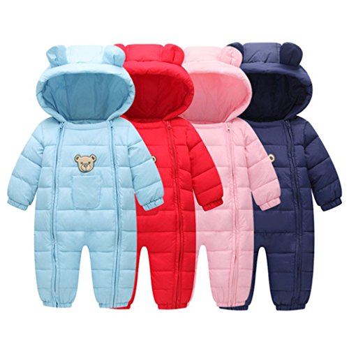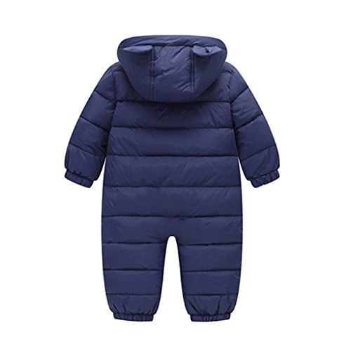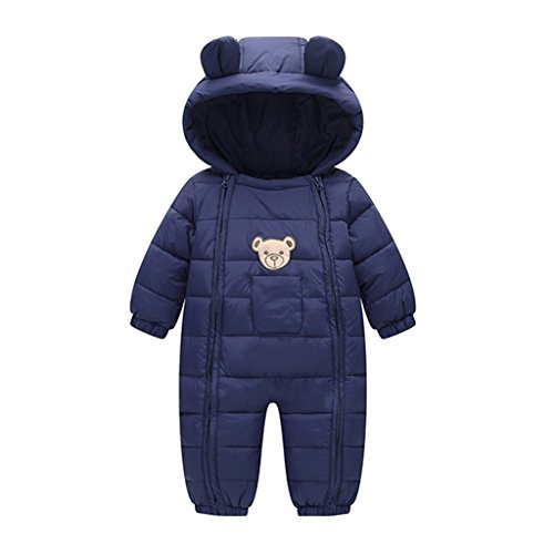 YUEGUANG ベビー服 新生児服 カバーオール ダウンロンパース 女の子 男の子 ジャンプスーツ ウンコート 防寒 保温 秋冬用 赤ちゃん 可愛い 爬行服 フード付き アウターウェア (100cm, ネイビー)
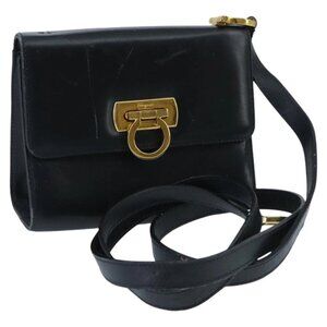Salvatore Ferragamo Gancini Shoulder Bag Leather Navy Gold Auth 96590
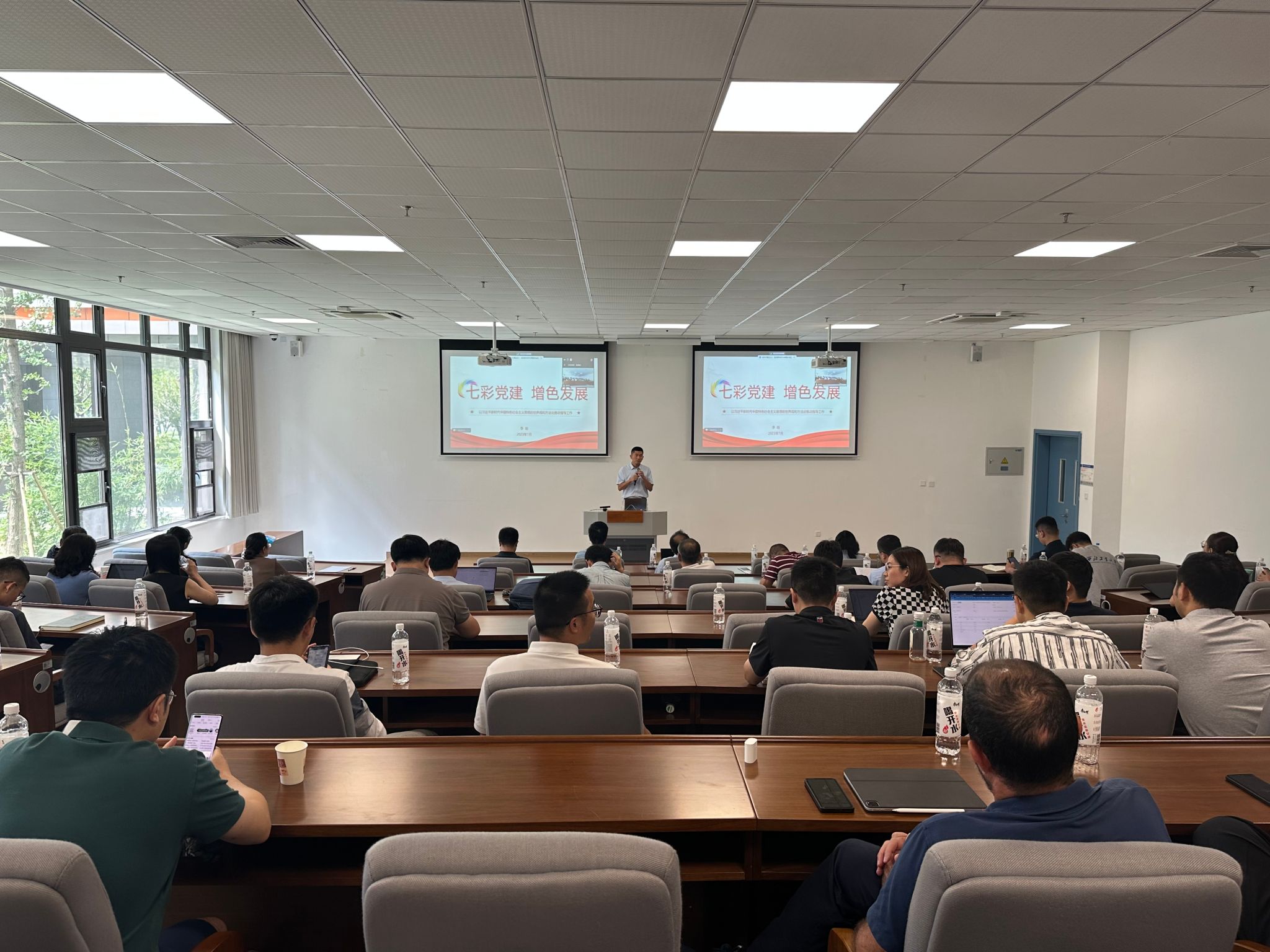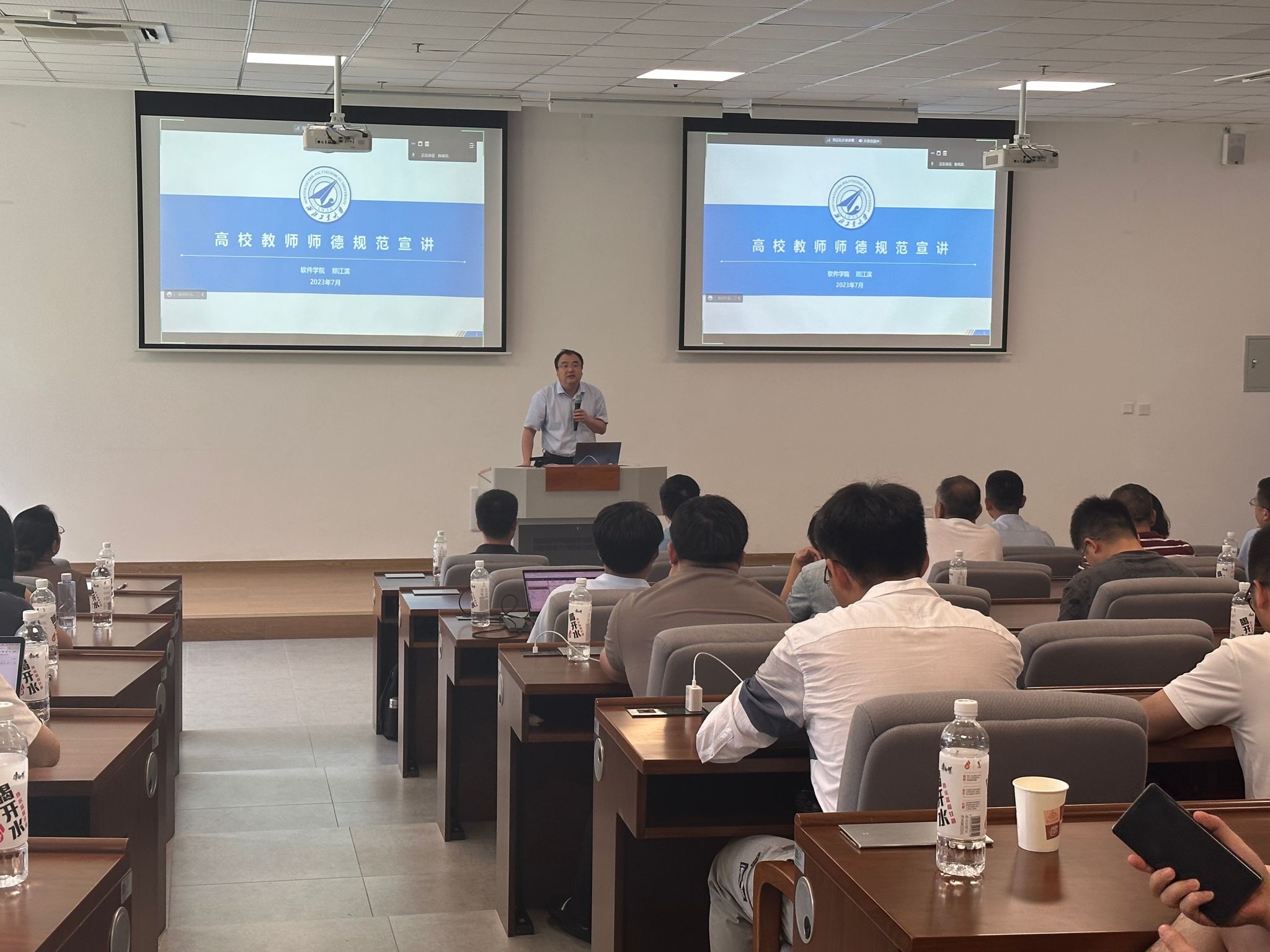在太仓•智汇港B座103报告厅召开全体教职工大会,集中学习师德师风并安排部署学院发展相关工作,学院领导班子成员以及全体教职工参加了会议,部分教师线上参会,会议由学院副院长郭培荣主持。

● Problem details: Write out the listing above again, exactly, but with no pictures in the copy.

● The answer:
 YUEGUANG ベビー服 新生児服 カバーオール ダウンロンパース 女の子 男の子 ジャンプスーツ ウンコート 防寒 保温 秋冬用 赤ちゃん 可愛い 爬行服 フード付き アウターウェア (100cm, ネイビー)
Salvatore Ferragamo Gancini Shoulder Bag Leather Navy Gold Auth 96590
在太仓•智汇港B座103报告厅召开全体教职工大会,集中学习师德师风并安排部署学院发展相关工作,学院领导班子成员以及全体教职工参加了会议,部分教师线上参会,会议由学院副院长郭培荣主持。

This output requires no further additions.